Rekomendasi Struktur Partisi

SSD 512GB (Satu Drive)

SSD 256GB + HDD 1TB (Dual Drive — Rekomendasi!)

SSD 1TB + SSD 2TB (Enthusiast)

FAQ Partisi

Apakah partisi bisa dihapus?

Ya! Klik kanan partisi → Delete Volume. SEMUA DATA DI PARTISI TERSEBUT AKAN HILANG. Backup dulu!

Apakah partisi SSD mengurangi performa?

Nggak. Untuk SSD, nggak ada perbedaan performa antara 1 partisi atau 4 partisi. Semua akses sama cepatnya karena NMD flash nggak punya "outer/inner track" seperti HDD.

Bisakah konversi MBR ke GPT tanpa format?

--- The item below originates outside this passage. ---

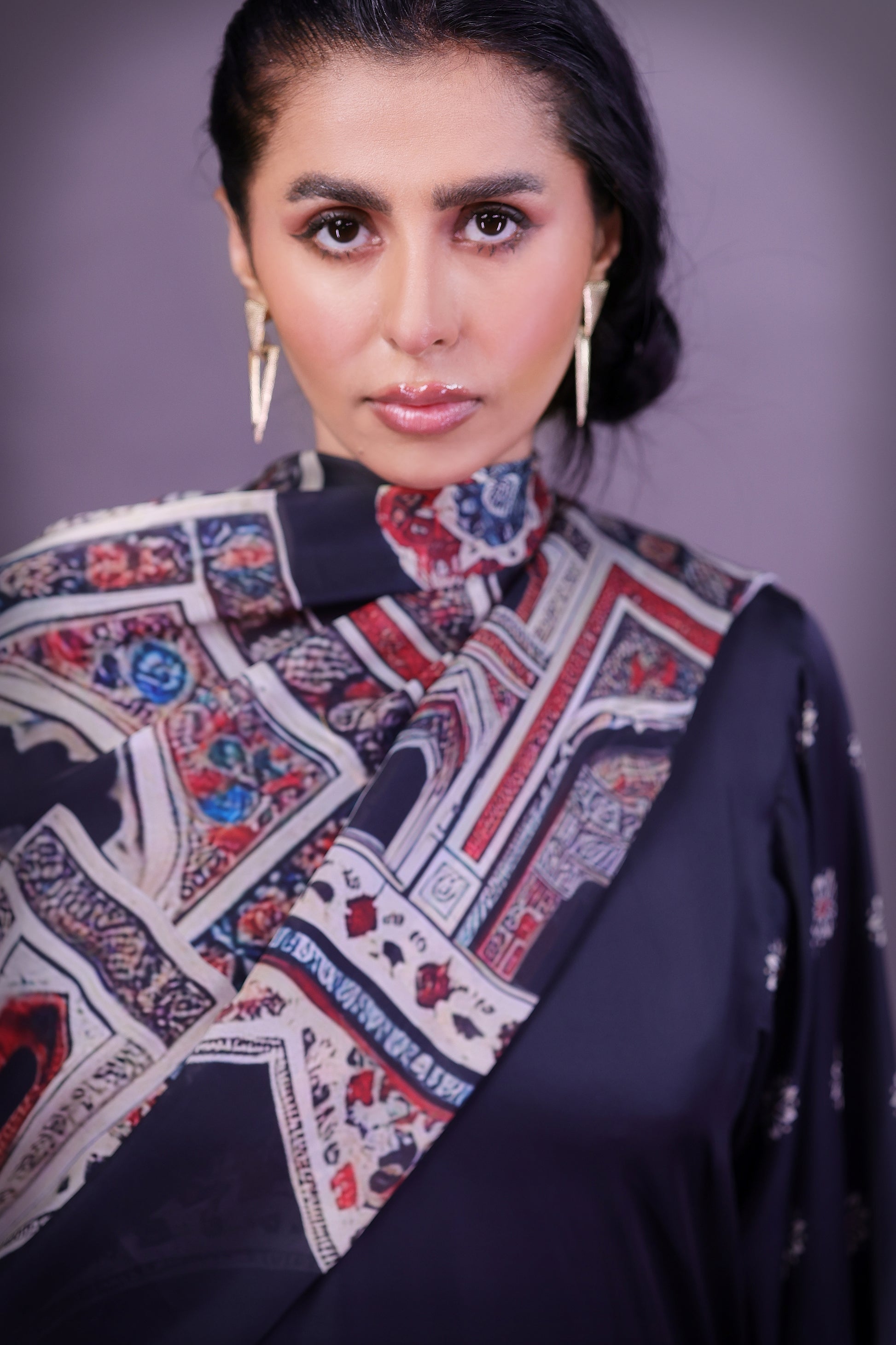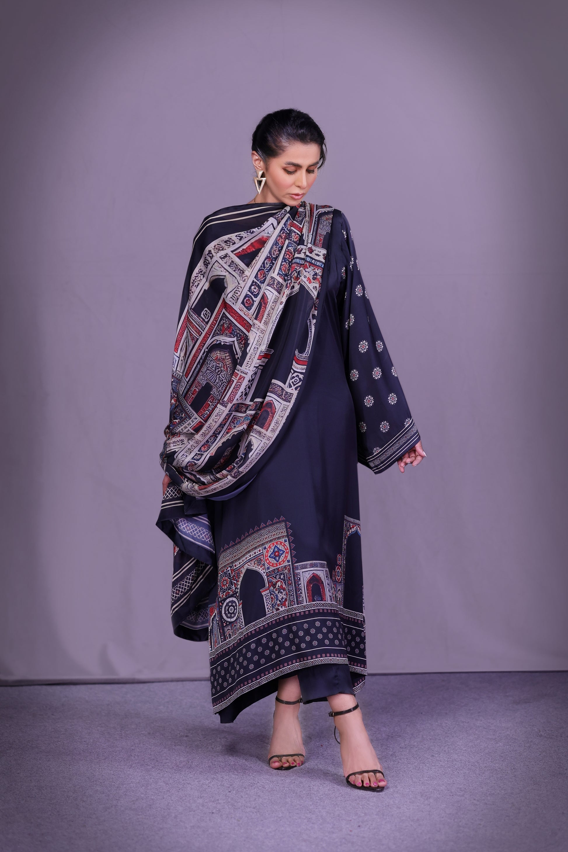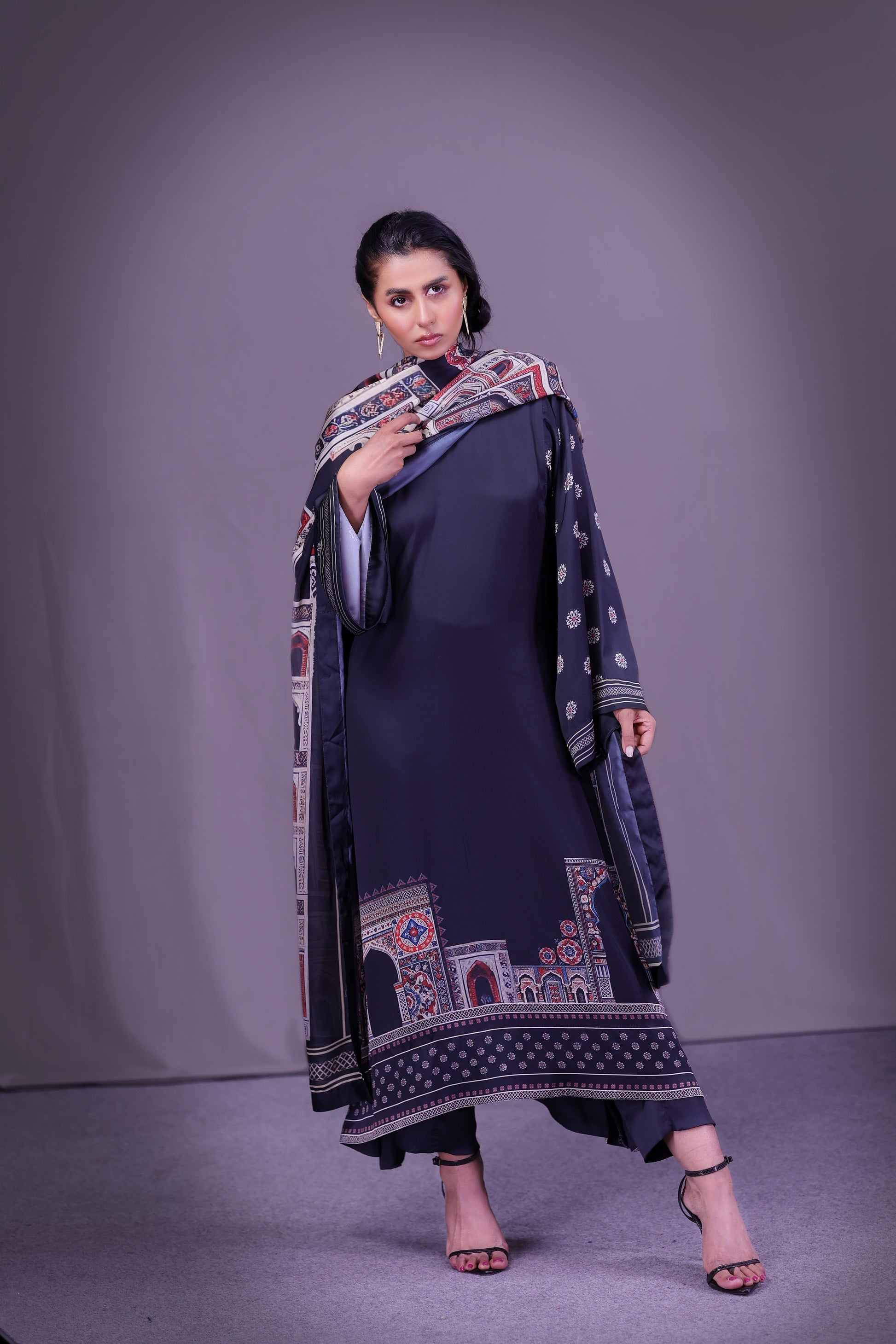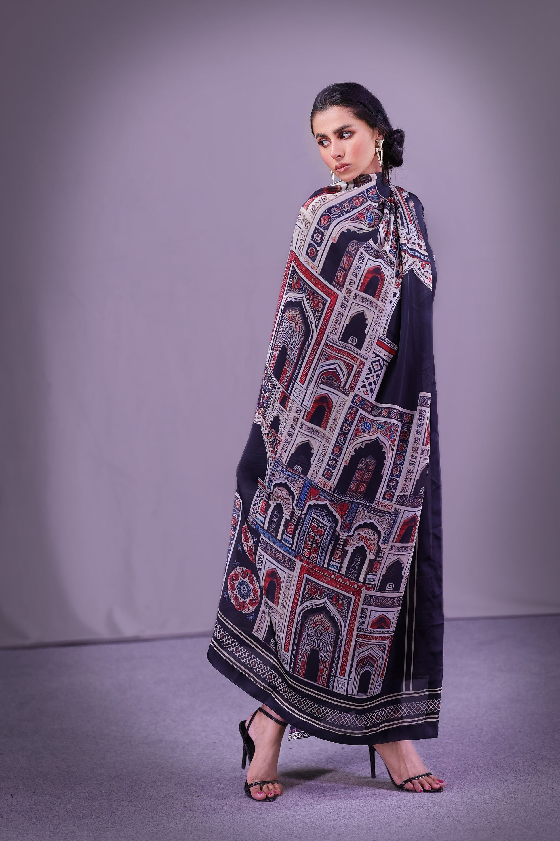 This midnight black long frock in Pure Luxe Silk is inspired by Mughal-era architecture with arches and intricate motifs telling stories of timeless artistry. Paired with a printed medium silk dupatta and a straight pant it captures heritage with quiet elegance.

Ya! Pakai mbr2gpt command di Windows, atau MiniTool Partition Wizard. Tapi backup dulu sebelum konversi — just in case.

Kesimpulan

Partisi yang baik = data lebih aman dan terorganisir. Minimal pisahkan C: (OS) dan D: (data). Pakai GPT untuk drive baru, dan Disk Management sudah cukup untuk kebanyakan tugas partisi dasar.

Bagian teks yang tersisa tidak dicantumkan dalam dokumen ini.